NERVOUS home buyers have not been reassured by Reserve Bank signals that interest rates will remain on hold, with auction clearance rates remaining low throughout the country over the past weekend (12-13 April).
With mortgage rates rising so rapidly in the last few months, buyer sentiment in the property market has taken a battering, and even though the Governor of the Reserve Bank has signalled rates are firmly on hold, this doesn’t seem to have provided much comfort to buyers.
In Sydney, the clearance rate was 50.2 per cent, only a slight improvement on the previous week’s dismal 45.7 per cent. The most expensive sale was a five-bedroom house in the beachside suburb of Bronte for $4million.
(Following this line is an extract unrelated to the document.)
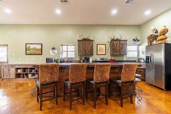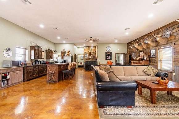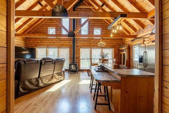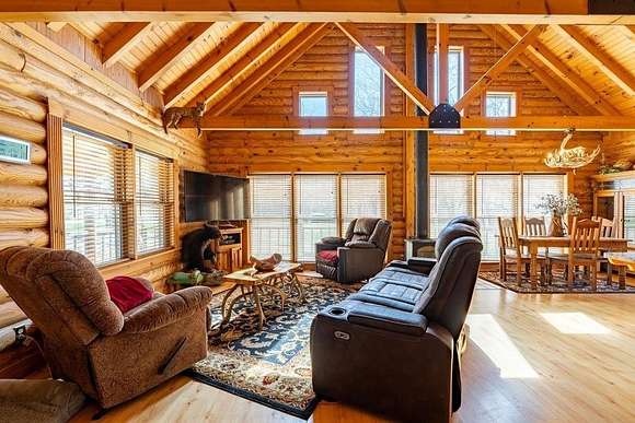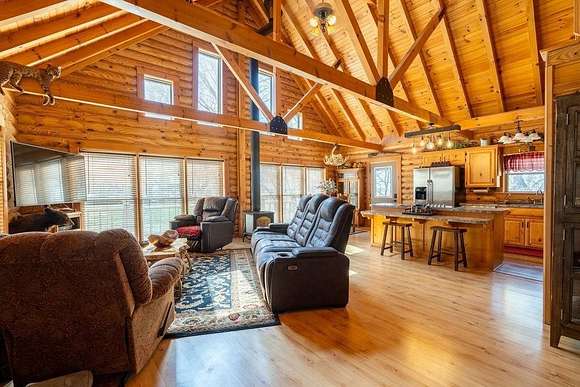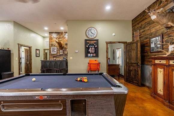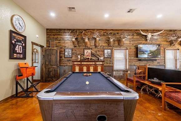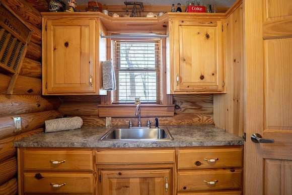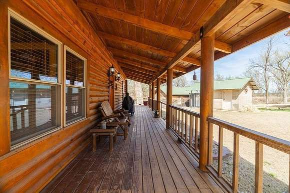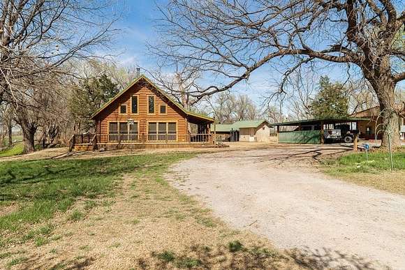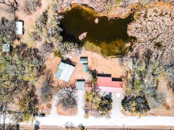 Experience 12 acres of stunning Oklahoma landscape with this beautifully crafted property. The main home is a thoughtfully designed 2 bed, 2.5 bath log cabin built by Gary Shoemaker, offering rustic charm with modern comfort--featuring updated appliances, abundant natural light, and a wrap-around covered porch perfect for enjoying the views. A versatile 30x60 lodge, built in 2021, includes additional bedrooms, a full kitchen, bathroom, and laundry hookups ideal for guests, extended family, or rental potential. It's the perfect space for entertaining or relaxing, complete with a hot tub and outdoor fire pit set right by the pond. Several outbuildings with electrical setup provide ample storage or workshop space. A pond attracts local wildlife, adding to the serene, nature-filled setting. With electric being the only utility, enjoy the benefit of low ongoing costs. A storm shelter is located just steps from the main home for added peace of mind. Private, peaceful, and full of potential this property is your perfect escape. If you'd like to own an amazing property with endless views and possibilities, call me today to schedule your private tour!

Melbourne’s clearance rate was 62 per cent, well below last year’s 84 per cent. The median house price was $552,000, with the dearest house, at Canadian Bay, fetching $2.5million.
In Adelaide the clearance rate was 47.2 per cent, a dramatic drop from last year’s 73.5 per cent.
Brisbane’s property market continued to nosedive. The clearance rate for the weekend auctions was 35.7 per cent, down from last week’s 37.9 per cent.
With a market that has a large number of unsold inventory, a bottleneck is being formed. This reflects the large number of buyers originally encouraged into the market this decade by government initiatives such as the First Home Buyers grant who took out loans whose repayment schedules were far larger than they could reasonably pay
Subsequently, rising mortgage rates are forcing many of these people to sell.
Given that buyer confidence is low, and there’s more stock on the market than there are buyers, something has to give! And, at this stage – confidence and house prices are giving way in equal measure.